854 Comments on AMD FX 8150 Looks Core i7-980X and Core i7 2600K in the Eye: AMD Benchmarks
Stop arguing you fagboys:toast:
Let me ditch the LOL up there! Done.
They market them as 4 module / 8 core. This is traditionally known as 4 'cores' running 8 threads.
Hopefully the performance scales almost linearly from single-thread to multi-threaded workloads. The tech makes quite a bit of good sense, just like Intel hyper-threading.
AND at a currently cheaper pricepoint than SB, exactly where they needed to be to continue their price/performance buyer aesthetic.
Looks like the right moves have been made.
As for the comparison to the 980X, forget about it, it's just marketing-flashiness ... doesn't matter what field you're in, what industry you're talking about, or what company you're talking about, there's always dumb stuff like that in press packages.
Also, don't believe that intel plays fair and actually achieves good performance by a good design. They cheat extensively.
www.agner.org/optimize/blog/read.php?i=49
It's a 11% speed bump, so at 30% TDP increase isn't totally unrealistic, right?
Considering even 8120's are going to run at 95W eventually, I guess it's not at all impossible.
:laugh:
Intel hold back quite often... hyperthreading was introduced with their single core Pentium 4s, but not used again until first gen i3/i5/i7. They held it in reserve, in case AMD caught up in performace... it was like the hidden not-so-secret nitro system under the hood ready to kick in if there was ever any threat.
Hyperthreading was reintroduced, producing a very large performance boost.
Marketing.
Intel has the money and resources to 'hold things in reserve'. Tech that we're seeing now, from them, could probably have been produced 2 to 3 years ago.
Wonder if they have hardened their IMC so it will handle 16GB of RAM with good timings.
Hyperthreading was dropped b/c it was crap and didn't work. It was made for marketing since AMD was wiping the floor with them. It still has to be turned off for some apps b/c you'll get negative performance. It was reintroduced once they incorporated it into their uarch and software was optimized.

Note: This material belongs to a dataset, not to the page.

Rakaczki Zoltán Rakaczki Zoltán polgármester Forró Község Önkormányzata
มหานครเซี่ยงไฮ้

Intel isn't comfortable enough to "hold back". You don't spend billions using illegal and unethical business strategies to knock AMD down b/c you're so secure with your prowess. You do it b/c you're scared.
I knew it would be a dissapointment and that SB-E and Ivy would eat BD alive. Intel is definately holding back for the past 2 years at least. There's absolutely no reason they could not release a 3.6-3.8 Ghz SB.

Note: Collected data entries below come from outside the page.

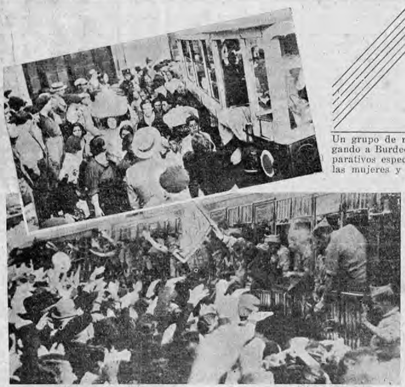
Un grupo de refugiados españoles está llegando a Burdeos. Los franceses hicieron preparativos especiales para cuidar de ellos, y las mujeres y niños fueron distribuidos en Tolosa, Angulema y otras ciudades hasta en la región de Poitiers. Mil milicianos atravesaron Francia en tren vía Perpignan rumbo a Barcelona.
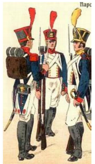
Infanterie française, 1813-15

[page 210] "L'armée suédoise avait une apparence très hideuse. L'infanterie, qui portait des chapeaux ronds avec un anneau de laiton autour du bord près du bord et des plumes jaunes, et des manteaux gris avec des revers courts et tombants, m'a semblé avoir tout à fait l'air et les convenances de la milice citoyenne, et les officiers avec leurs longs pardessus bleus mal cousus à gros boutons jaunes comme les artisans de nos petites villes en habit du dimanche, les grenadiers avec leurs bicornes ronds à bord clouté de crin de cheval. comme sur nos casques de dragon et nos grenades à l'avant, et les chasseurs n'avaient pas l'air beaucoup mieux. Les gens eux-mêmes sont également loin d'être beaux.
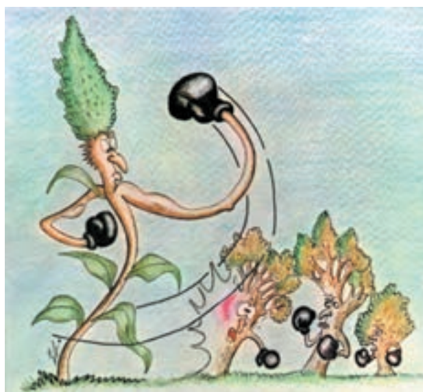
شکل ۴-۴- غلبه علف هرز بر بعضی از گیاهان

۴- افزایش علفهای هرز: در اثر کشت تک محصولی، علفهای هرز گیاهان میزبان به نحو مؤثری افزایش می‌یابد. در حالی که با تغییر گیاه میزبان شرایط مناسب رشد علفهای هرز نیز از بین خواهد رفت مثلاً رشد و توسعه یولاف در کشت ممتد گندم (مثال دیگری را شما ارائه نمایید) (شکل ۴-۴).

They definately cheated in the P4 era, and I wish they had been punished a lot harder than they were for that, but since Conroe they have been constantly beating AMD over and over.
Ivy Bridge will probably attain higher clocks, even if it doesn't its die size alone will destroy any real option for AMD to undercut Intel's prices, if so Intel wants. Which will not happen anyway, because Intel needs AMD as a competitor to avoid monopoly.
The day when corporations act completely upright and ethical is the day hell freezes over :laugh:
As for the effectiveness of hyperthreading, it did work, it just did not provide the kind of performance boost seen in current hyperthreading enabled cpus. Yes, not many applications took advantage of it, but it performed its purpose. Marketing.
The method was improved, announced, more developers came on-board, etc., performance boost. Marketing.
Could have been done years sooner, if Intel so chose. It wasn't necessary, AMD didn't catch up to Conroe.